**EXERCISE BRIEF**
Starting with the line that has "HERE AT THE" in the records below and stopping after the line that has "The International Slow", output every line exactly and nothing else; skip pictures.

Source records

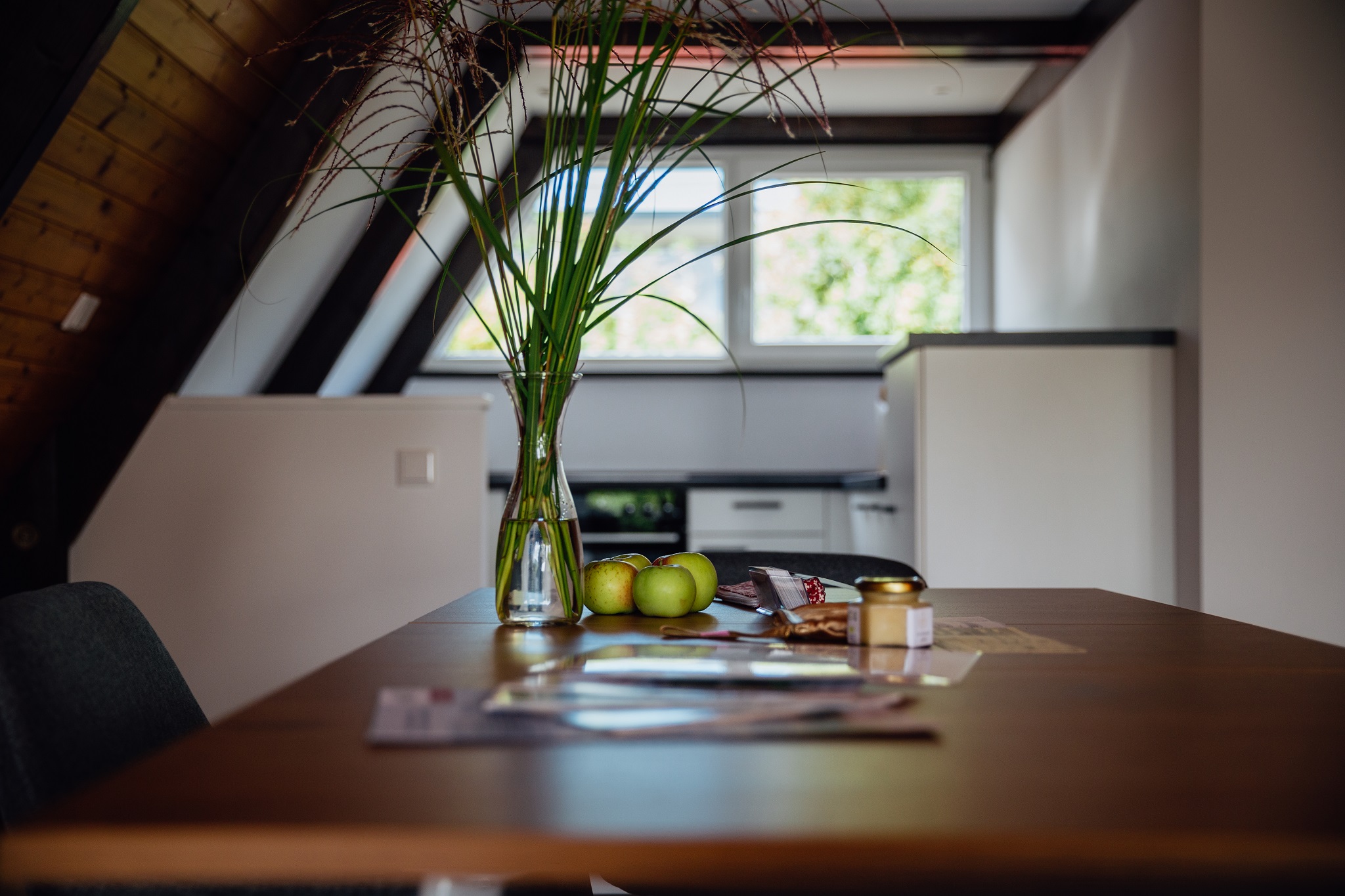 Unser „Himmelhäuschen“ wurde im Sommer 2021 mit viel Liebe zu Detail kernsaniert. Das Ferienhaus besteht aus einem großen und gemütlichen Ess- und Wohnbereich, mit vollausgestatteter Küche. In der Wohnung gibt es zwei Schlafzimmer mit je einem Doppelbett und ein modernes Badezimmer. Die große Terrasse mit Blick auf den Kreuzberg lädt zum Entspannen und Verweilen ein.
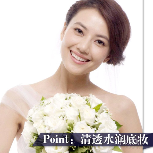 Point:清透水润底妆 妆容虽然看起来很清淡,却并不是未加修饰的纯自然肌肤。在用蜜粉打出粉嫩肤质的同时瞬间缩小脸颊,先用水分足够的粉底液在脸上打底,然后以粉扑蘸上适量蜜粉快速拍打全脸,直到蜜粉均匀散布在肌肤上为止。这样做仅仅几秒钟,你就会觉得双颊肌肤被向上提拉,整个脸部线条都纤秀起来。 Step 1: 挤出约一粒珍珠大小的粉底量,点于两颊、额头、鼻子、下巴,用指腹从脸中央往外均匀推开。 Step 2:使用大海绵再次将整脸的粉底,轻压一次让底妆更加地服贴,避免不均匀的情况产生。 Step 3:黑眼圈是最在意的瑕疵,使用眼部专用的遮瑕品来修饰眼周的暗沉,一定要越薄透越好。 Step 4: 最后,利用海绵将修饰后的瑕疵部份再次轻压,遮瑕品与底妆能更加地自然融合。
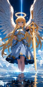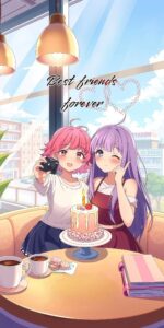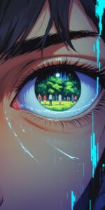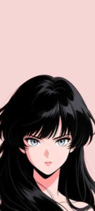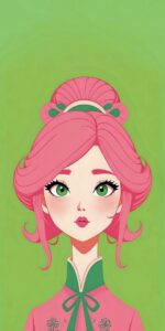 Dive into a world of color with this vibrant wallpaper! The character’s lush, bright green hair is the star of the show, falling around her shoulders in a dynamic sweep. Her expression is gentle and composed, with a delicate look that complements the overall light and airy feel of the image. This style is often found in modern fantasy anime and character designs that aim for a bright, otherworldly beauty. A refreshing and unique choice for a phone background.
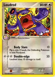 Body Slam is a move in the Pokémon games that Loudred can learn via Move Tutor in Pokémon FireRed, LeafGreen, and Emerald. Double-Edge, formatted on this card as Double-edge, is also a move in the Pokémon games that Loudred can learn via Move Tutor in Pokémon FireRed, LeafGreen, and Emerald.
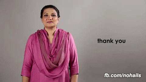 A woman demonstrates 'thank you' in Pakistan Sign Language, wearing a traditional pink outfit.
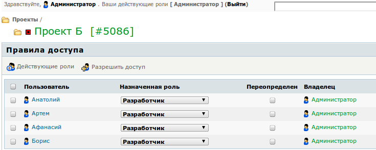Теперь, для того, чтобы дать команде "Альфа" доступ на "Проект А" нужно:
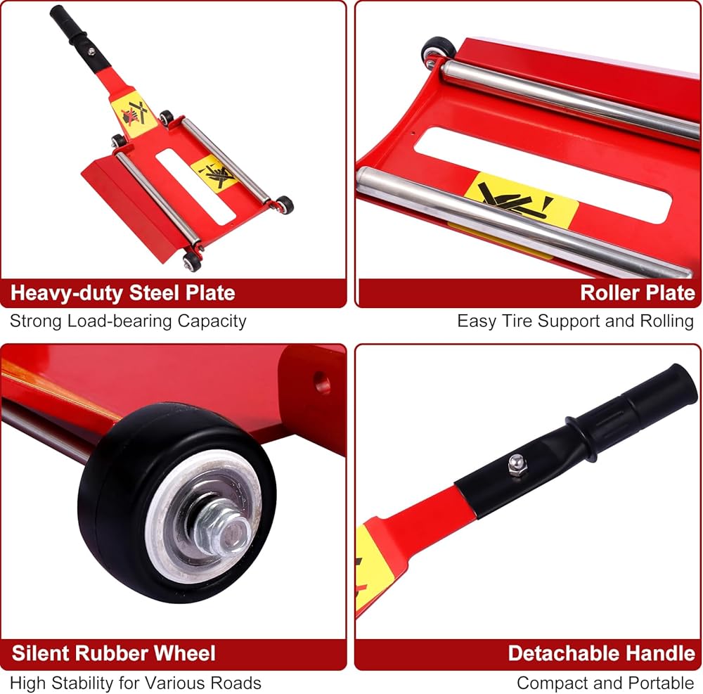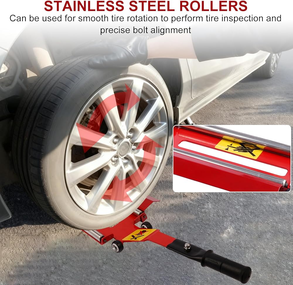 【رفع وتغيير الإطارات دون عناء】: يمكن لأداة رافعة الإطارات هذه أن تساعدك على رفع الإطارات الثقيلة بسهولة على العروات لإزالة الإطارات واستبدالها بسرعة. تسمح اللوحة الدوارة بدوران سلس للإطارات، مما يسهل المحاذاة الدقيقة للعجلات وفتحات البراغي، مما يجعل تركيب الإطارات أكثر كفاءة!
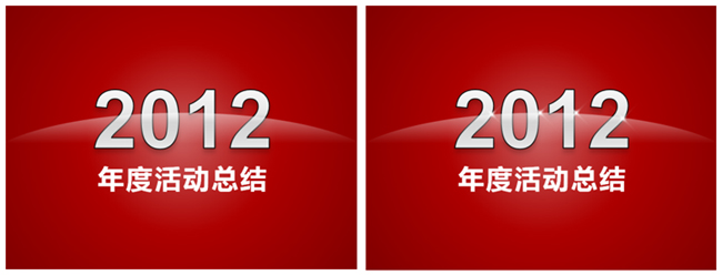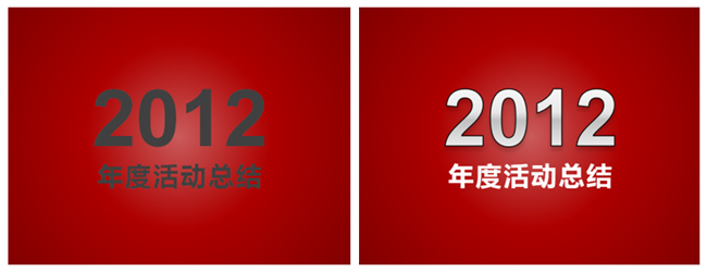 背景以暗色调为主,前景的文字用亮色,前景背景的强烈对比,突出文字,为避免单调感,我们为“2012”文字添加渐变和描边、投影效果(具体设置不做阐述)。
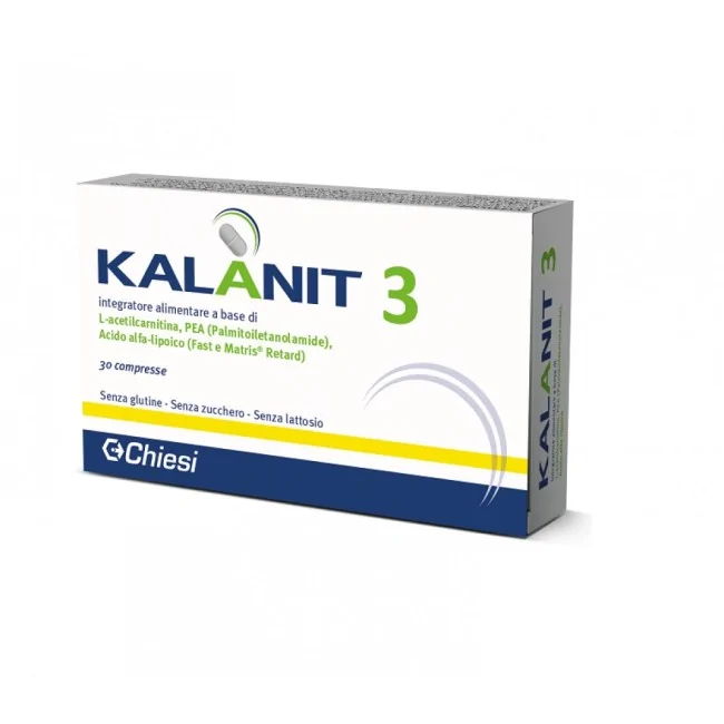 Kalanit 3 è un integratore alimentare Chiesi a base di acetilcarnitina, PEA e boswellia, utile per il trofismo del sistema nervoso. Formato: 30 compresse
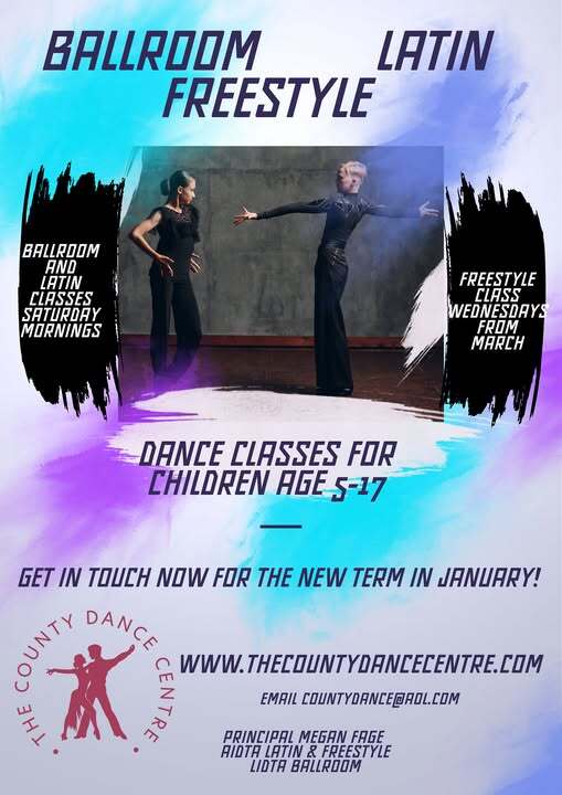 HERE AT THE COUNTY DANCE CENTRE WE TEACH BALLROOM, LATIN AND FREESTYLE TO CHILDREN FROM AGES 5-17
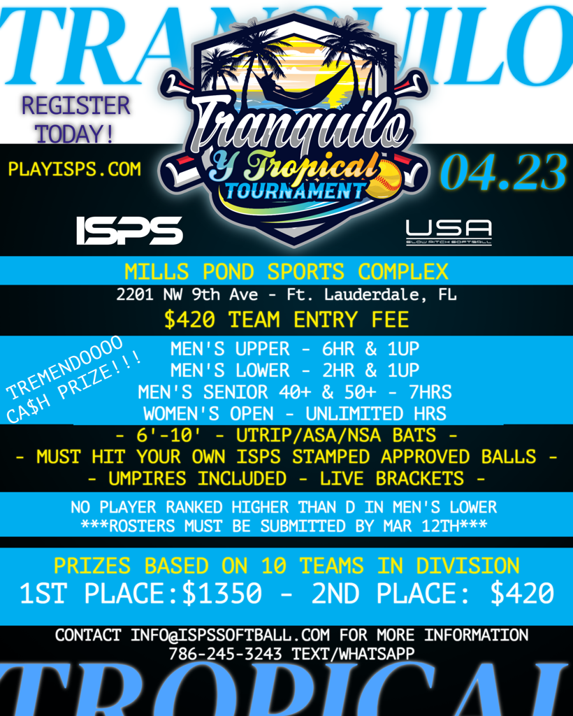 The International Slow Pitch Softball (ISPS) organization is thrilled to unveil the "Tranquilo y Tropical Tournament," a one-of-a-kind event that brings slow-pitch softball lovers together for an incredible day of competition and camaraderie. Scheduled for April 26, 2025, at the beautiful Mills Pond Sports Complex in Fort Lauderdale, FL, this tournament promises to offer players a truly tropical, laid-back vibe with the thrill of competitive softball.
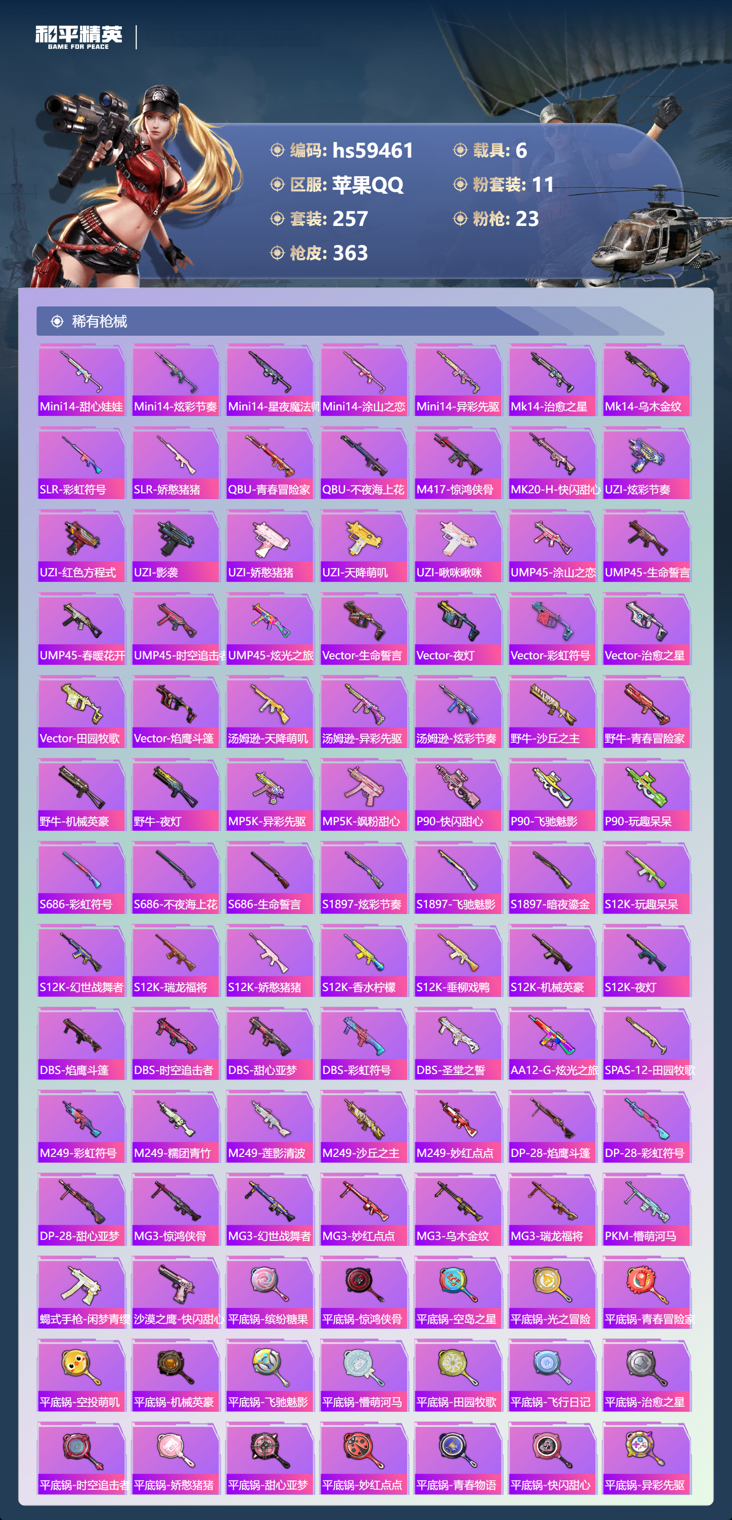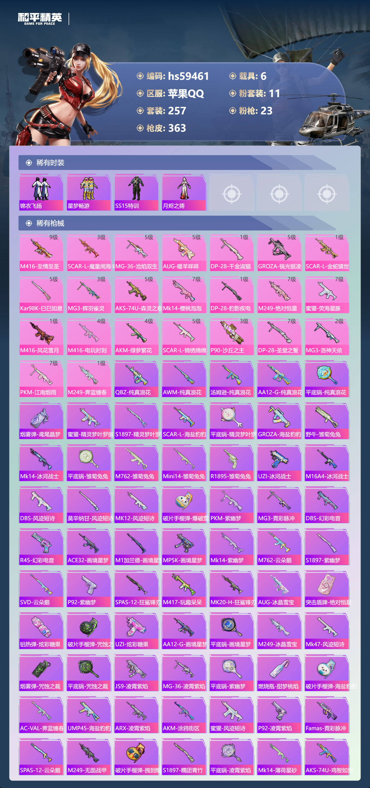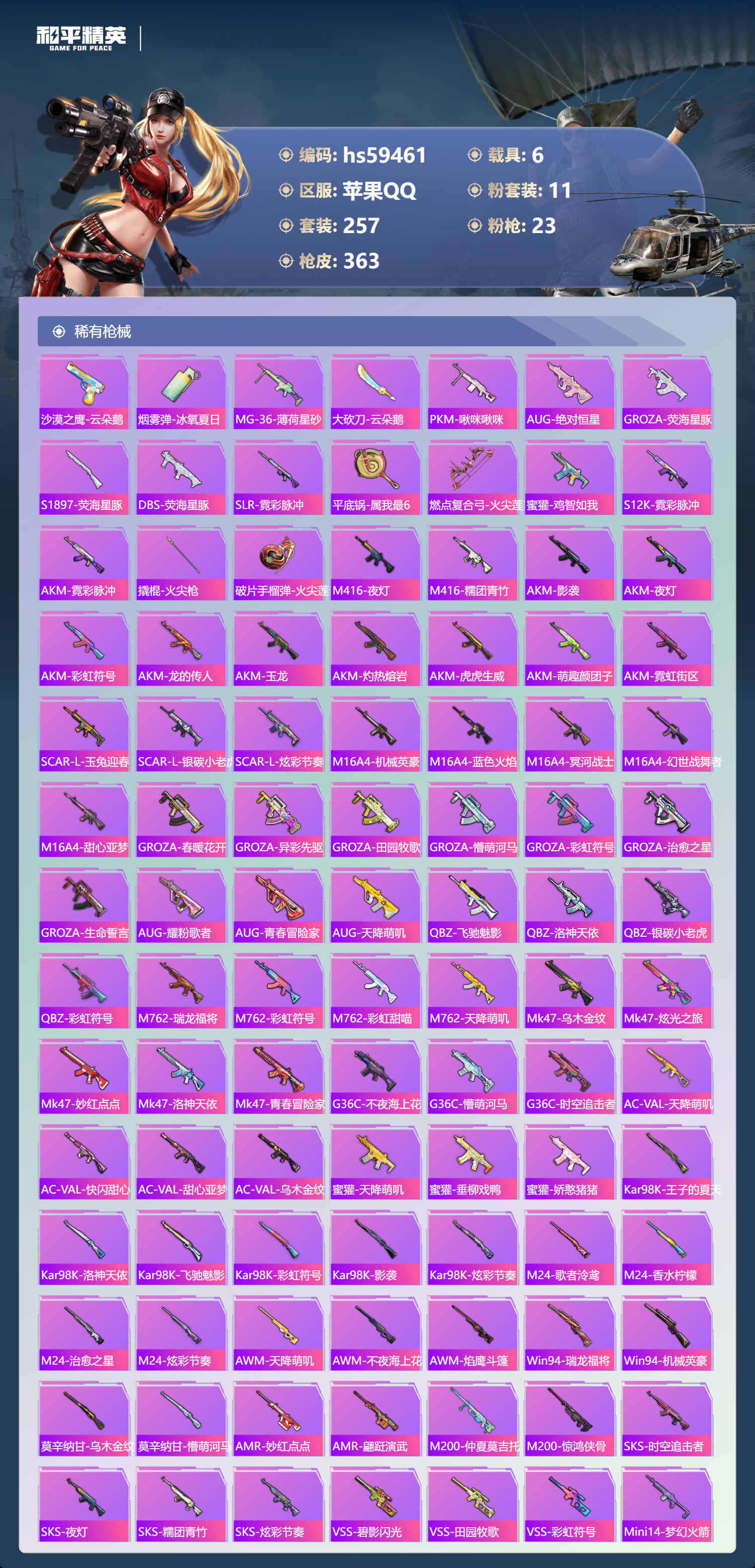 【422600】【可二次】【苹果QQ】龟仙人 AKM-绿萝繁花 木乃伊 大橘为重 P90-沙丘之主 都市猎人 PKM-江南烟雨 机械英豪 M416-电玩时刻 沙丘之主-图卡盟 巡查衣 M416-至情至圣 浪漫假日 M24-香水柠檬 魔童闹海-哪吒 瑞龙福将 醒狮腾龙 团圆交子 兰博SVJ绿色 DP-28-圣堂之誓 奇异狩猎者 M762-瑞龙福将 MG3-洛神天依 SCAR-L-锦绣绵绵 白月香洋

**RESULT FOR THIS EXERCISE**
 HERE AT THE COUNTY DANCE CENTRE WE TEACH BALLROOM, LATIN AND FREESTYLE TO CHILDREN FROM AGES 5-17
 The International Slow Pitch Softball (ISPS) organization is thrilled to unveil the "Tranquilo y Tropical Tournament," a one-of-a-kind event that brings slow-pitch softball lovers together for an incredible day of competition and camaraderie. Scheduled for April 26, 2025, at the beautiful Mills Pond Sports Complex in Fort Lauderdale, FL, this tournament promises to offer players a truly tropical, laid-back vibe with the thrill of competitive softball.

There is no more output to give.